Exercise: A faithful copy is required of the lines from the top of the entries through the line that contains "This modern wedding", both included, with no pictures.

Recorded data Block Start

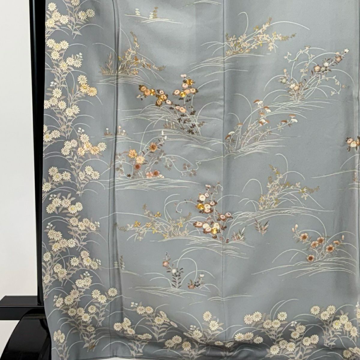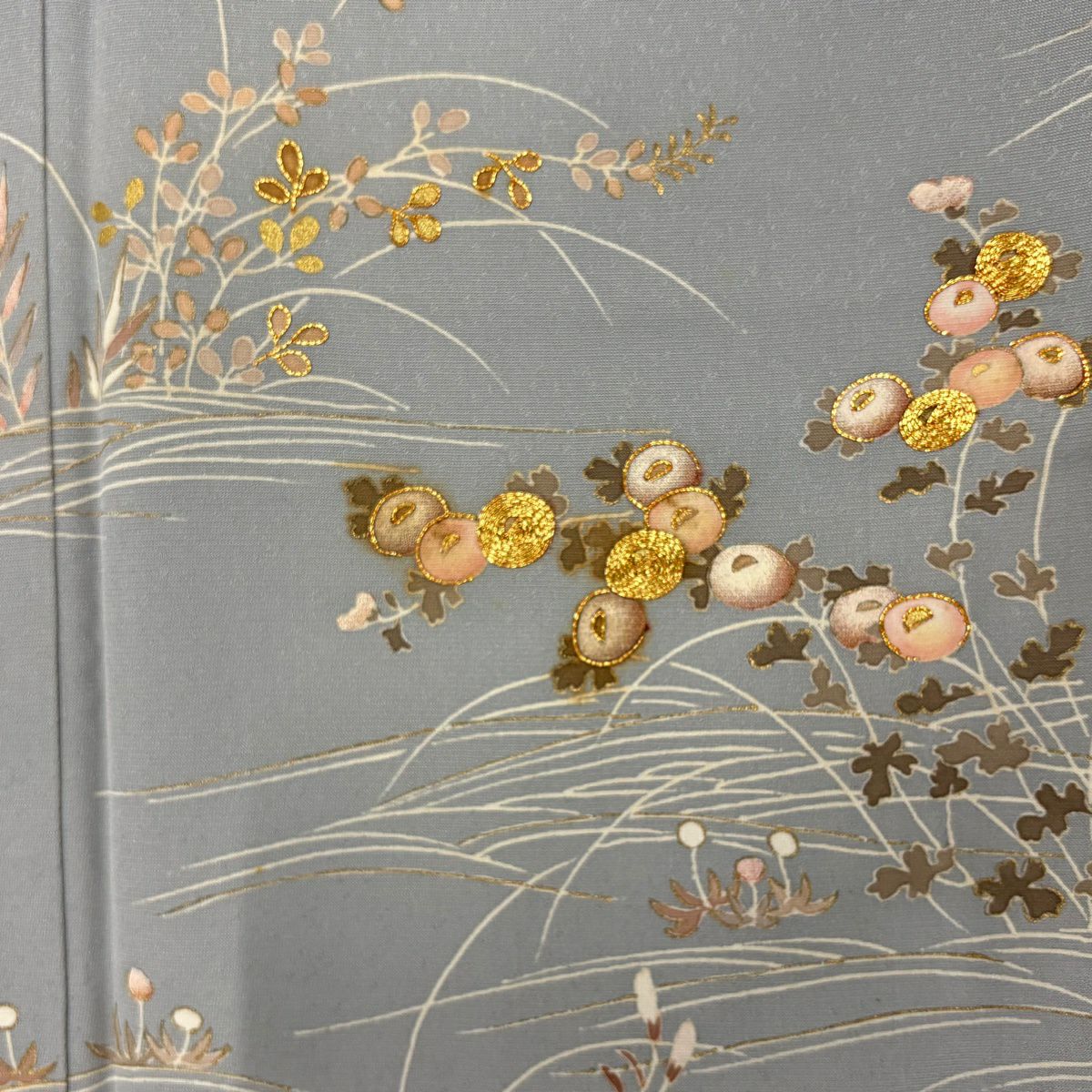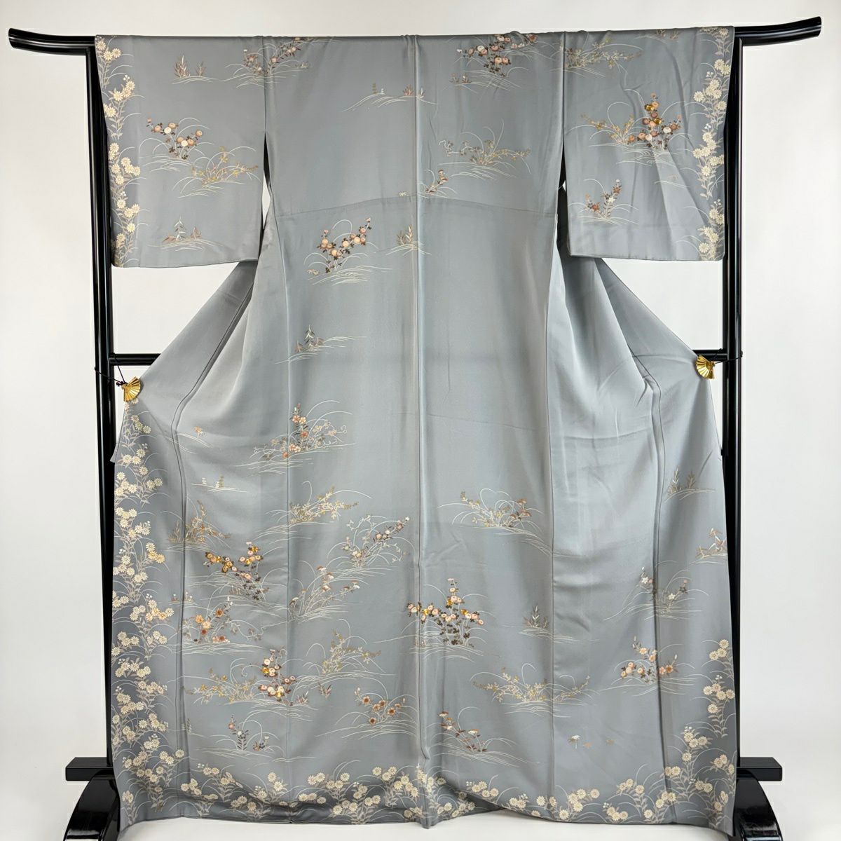 30%OFF 訪問着 身丈169cm 裄丈66cm M 袷 背抜き 万寿菊 萩 金糸 金彩 青灰色 正絹 秀品 一つ紋 K30
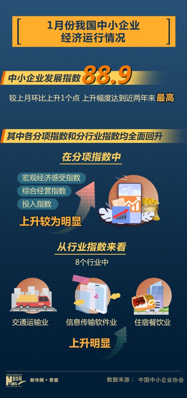 近日中國中小企業(yè)協(xié)會公布我國中小企業(yè)經(jīng)濟運行情況。2023年1月份,中國中小企業(yè)發(fā)展指數(shù)為88.9,比去年12月回升1個點,上升幅度達到近兩年來最高。其中,企業(yè)發(fā)展信心回升,反映企業(yè)信心狀況的宏觀經(jīng)濟感受指數(shù)為98.7,比上月上升2.1點。市場預期有所提振,市場指數(shù)為80.7,環(huán)比上升0.9點。
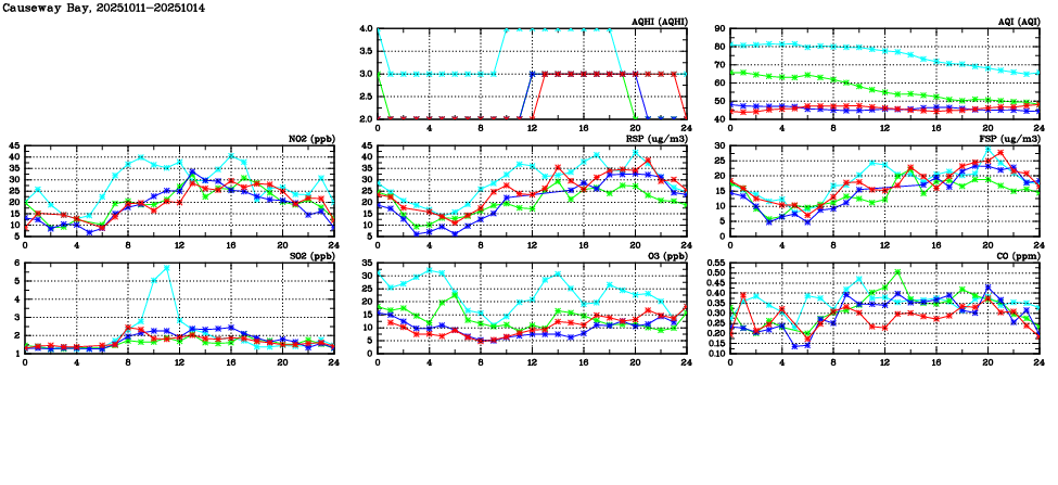 | Air Quality Data Time Series in Causeway Bay (2025/10/14) | ( Line colors: Day -3 Day -2 Day -1 Current day ) | 2D Map Current AQHI |
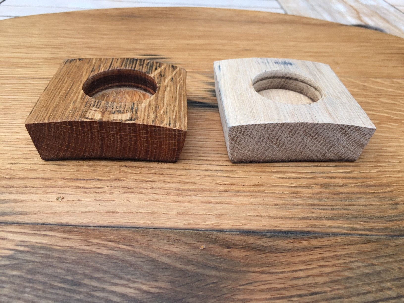 Solid oak single tea light candle holder. Made from a stave from a genuine scotch malt whisky barrel...
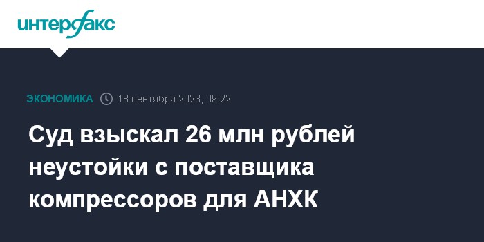 Суд взыскал 26 млн рублей неустойки с поставщика компрессоров для АНХК
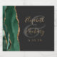 This modern wedding design features an emerald green watercolor agate and gold faux glitter border on the left edge. Personalize it with the couple's names in elegant gold-coloured handwriting script over a large ampersand on an off-black background, with the wedding date below.
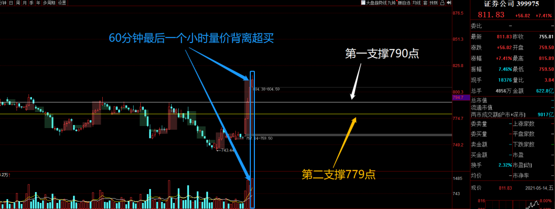 那么我们在看一下证券公司的小时级别走势,从60分钟走势上看目前出现了小时级别的超买信号,那么预示着周一不管是高开也好还是低开平开,短期出现的拉升我们是不能进行参与的,因为随时会有超买之后的技术调整。
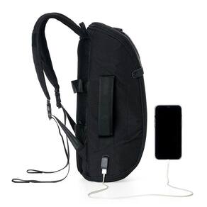 Saída USB externa permite recarregar dispositivos em movimento com powerbank interno.
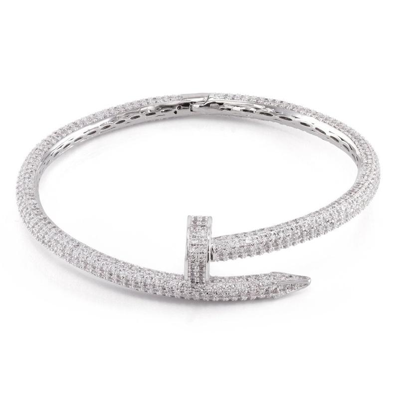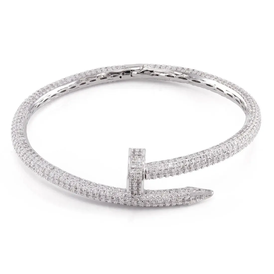 Plated to perfection, each Iced Studded Nail Bracelet comes lined with VVS Diamond Simulate Stones to provide a classic look. Available plated in 14K Gold or White Gold.
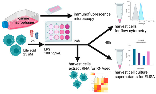 Overall study design, whereby cultured canine macrophages (MH588 cells) were plated in a 24-well plate, incubated with bile acid at 25 μM, and stimulated with LPS (lipopolysaccharide) 2 h later. After 48 h of co-culture, cells were immunostained for flow cytometry, and supernatants were harvested for cytokine analysis. For the RNAseq portion of the analysis, cells were harvested for RNA extraction after 24 h of co-culture.
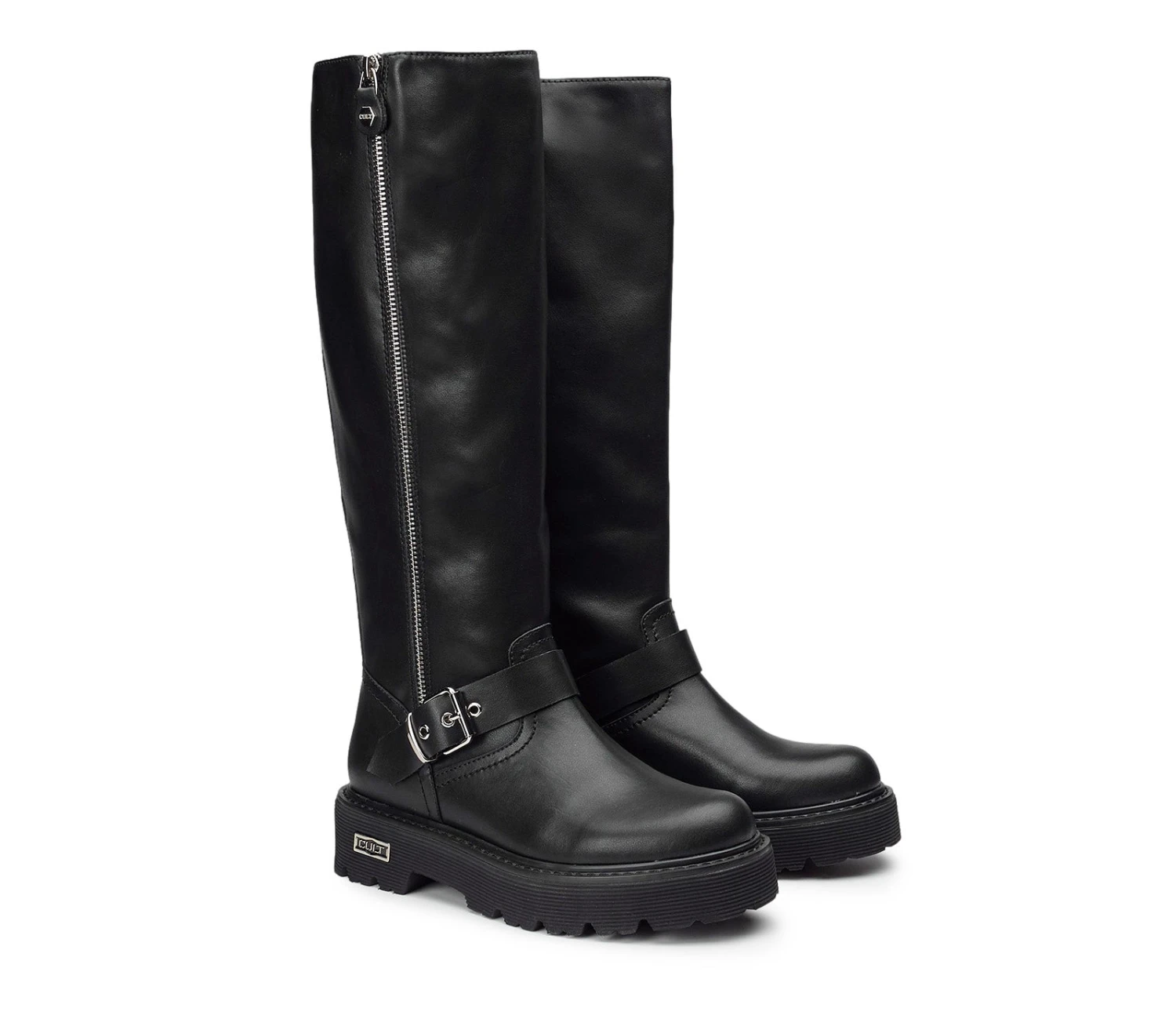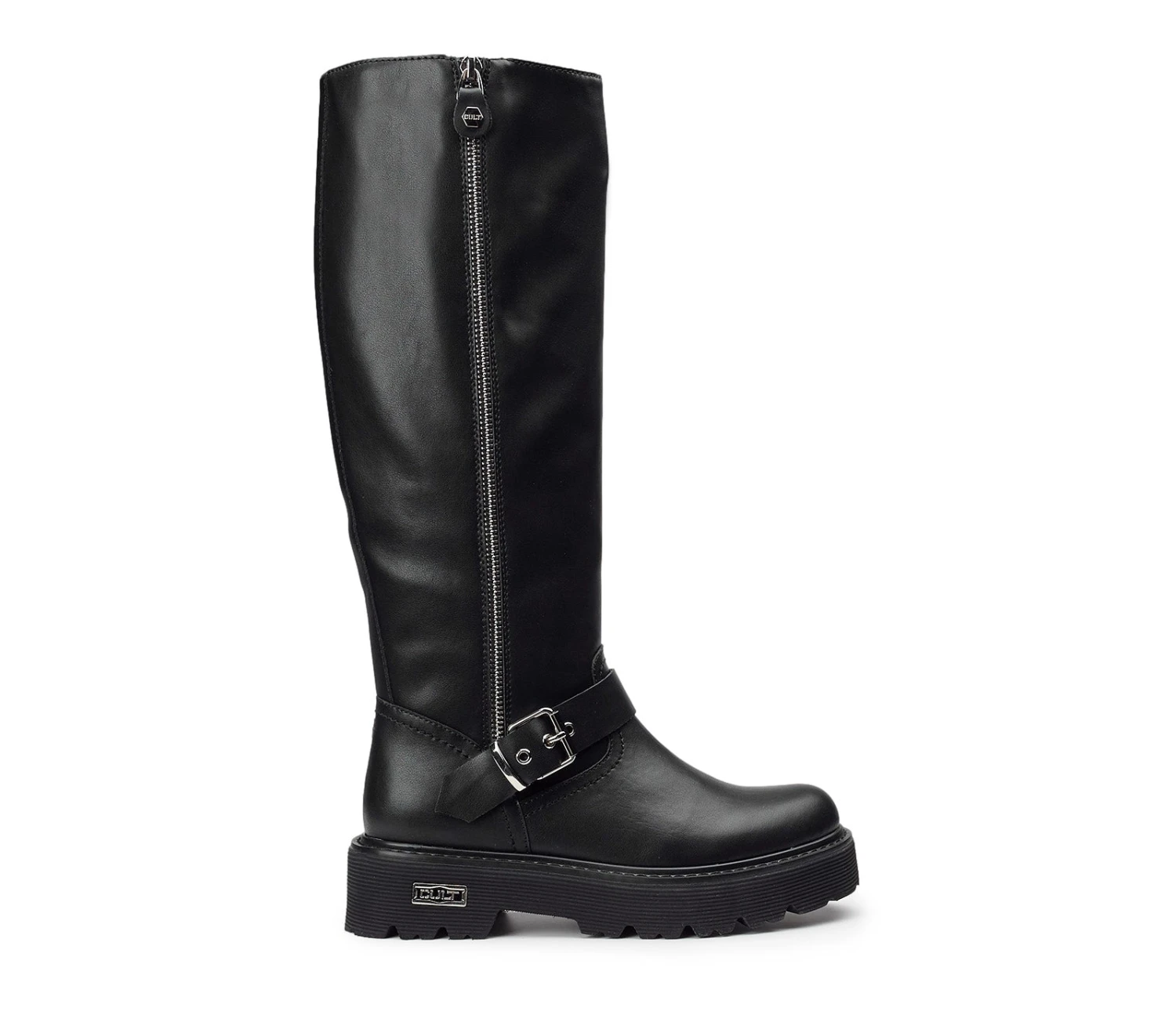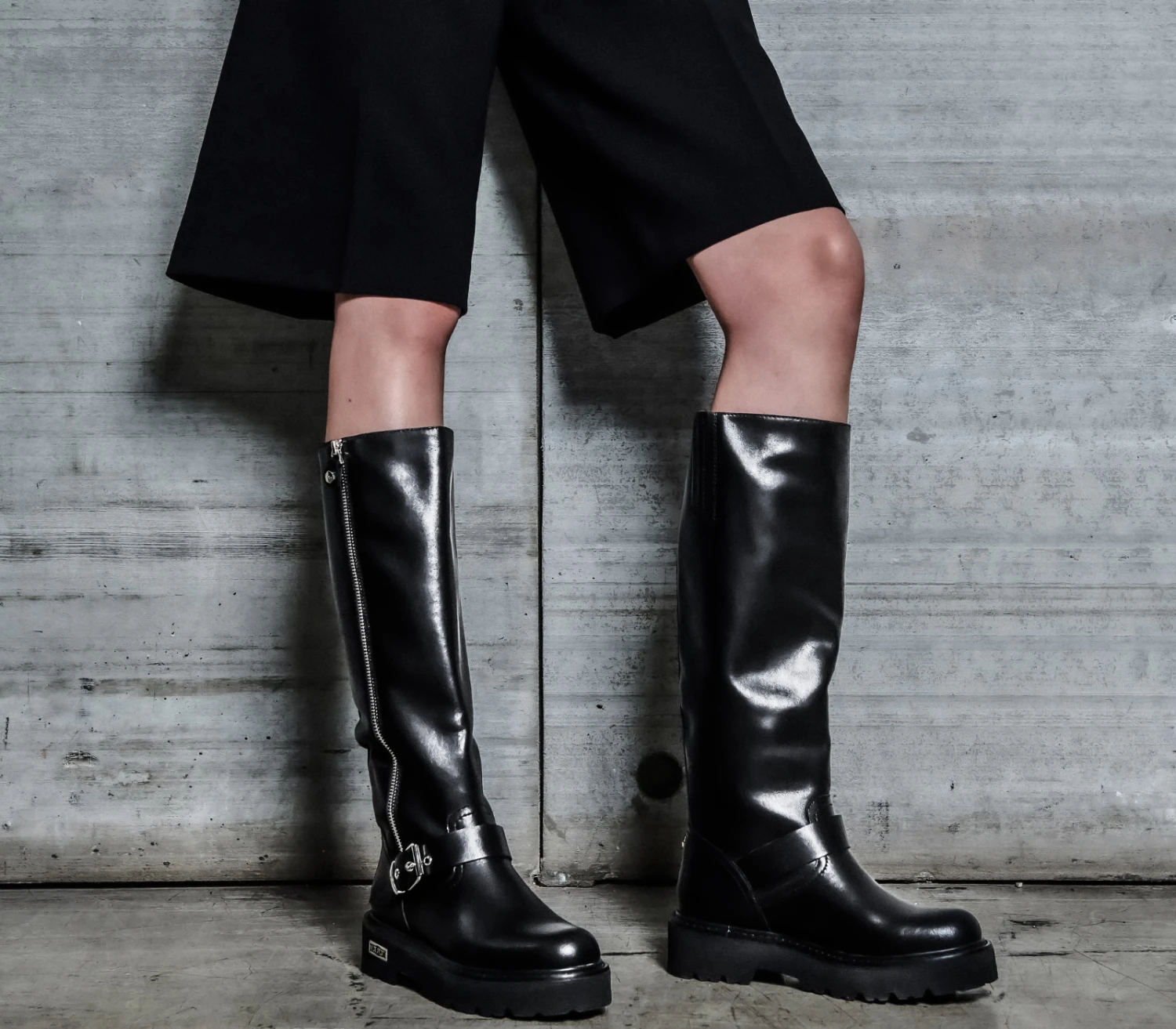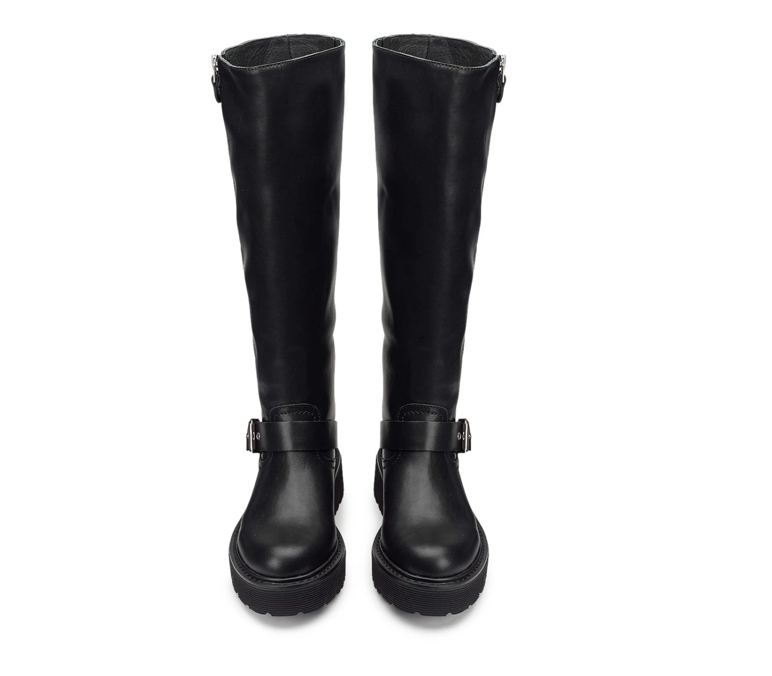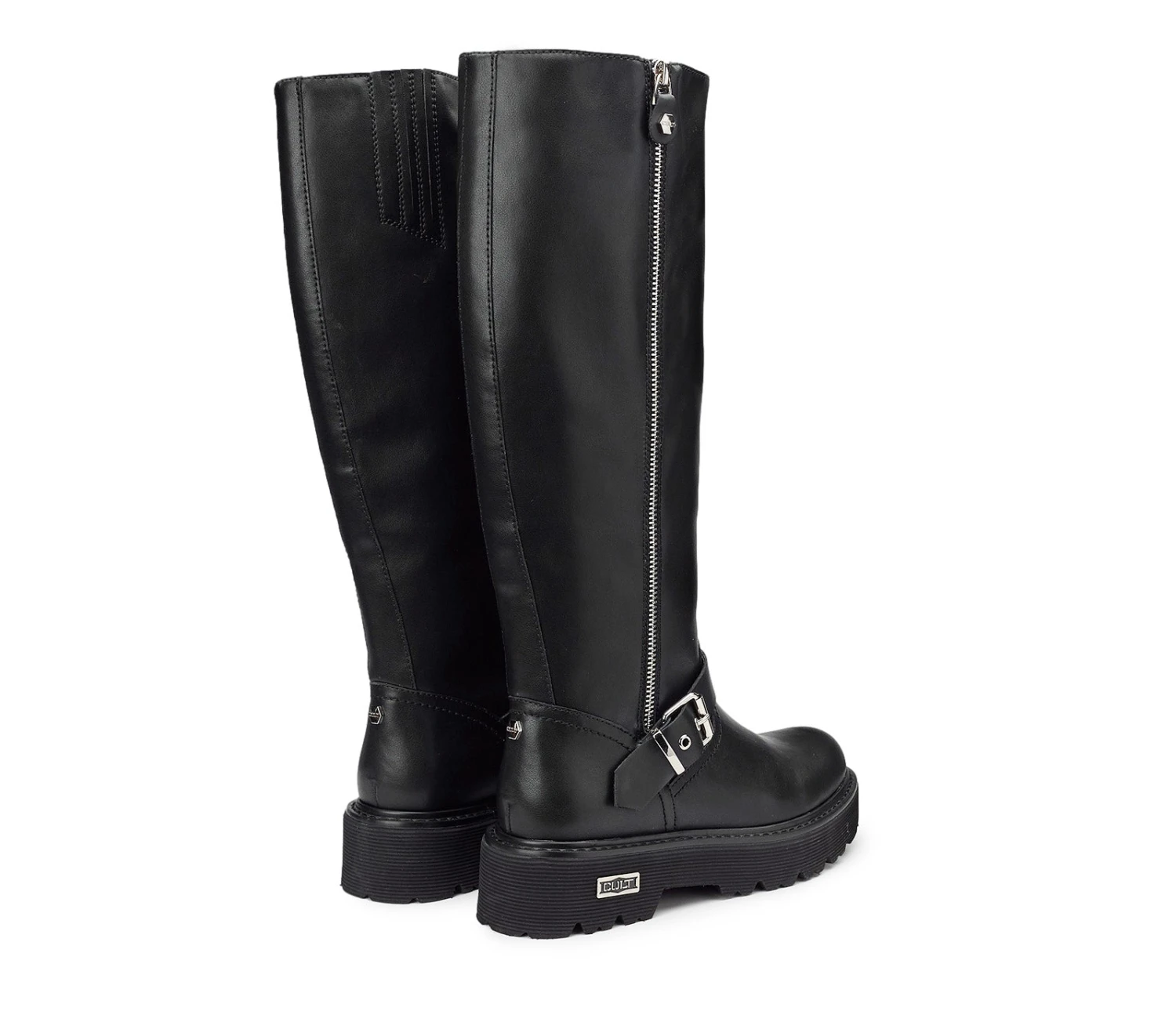 Rinnova il tuo guardaroba con gli stivali biker in pelle liscia nera firmati Cult. Un modello versatile e di carattere a punta tonda classico, con spessa fibbia in metallo color argento, una zip decorativa nella parte esterna del gambale e robusta suola in gomma impreziosita dall’iconica targhetta logata per un’aderenza ottimale. Un’infusione di glamour per i tuoi look di tutti i giorni.

Recorded data Block End

Answer to this task:
 30%OFF 訪問着 身丈169cm 裄丈66cm M 袷 背抜き 万寿菊 萩 金糸 金彩 青灰色 正絹 秀品 一つ紋 K30
 近日中國中小企業(yè)協(xié)會公布我國中小企業(yè)經(jīng)濟運行情況。2023年1月份,中國中小企業(yè)發(fā)展指數(shù)為88.9,比去年12月回升1個點,上升幅度達到近兩年來最高。其中,企業(yè)發(fā)展信心回升,反映企業(yè)信心狀況的宏觀經(jīng)濟感受指數(shù)為98.7,比上月上升2.1點。市場預期有所提振,市場指數(shù)為80.7,環(huán)比上升0.9點。
 | Air Quality Data Time Series in Causeway Bay (2025/10/14) | ( Line colors: Day -3 Day -2 Day -1 Current day ) | 2D Map Current AQHI |
 Solid oak single tea light candle holder. Made from a stave from a genuine scotch malt whisky barrel...
 Суд взыскал 26 млн рублей неустойки с поставщика компрессоров для АНХК
 This modern wedding design features an emerald green watercolor agate and gold faux glitter border on the left edge. Personalize it with the couple's names in elegant gold-coloured handwriting script over a large ampersand on an off-black background, with the wedding date below.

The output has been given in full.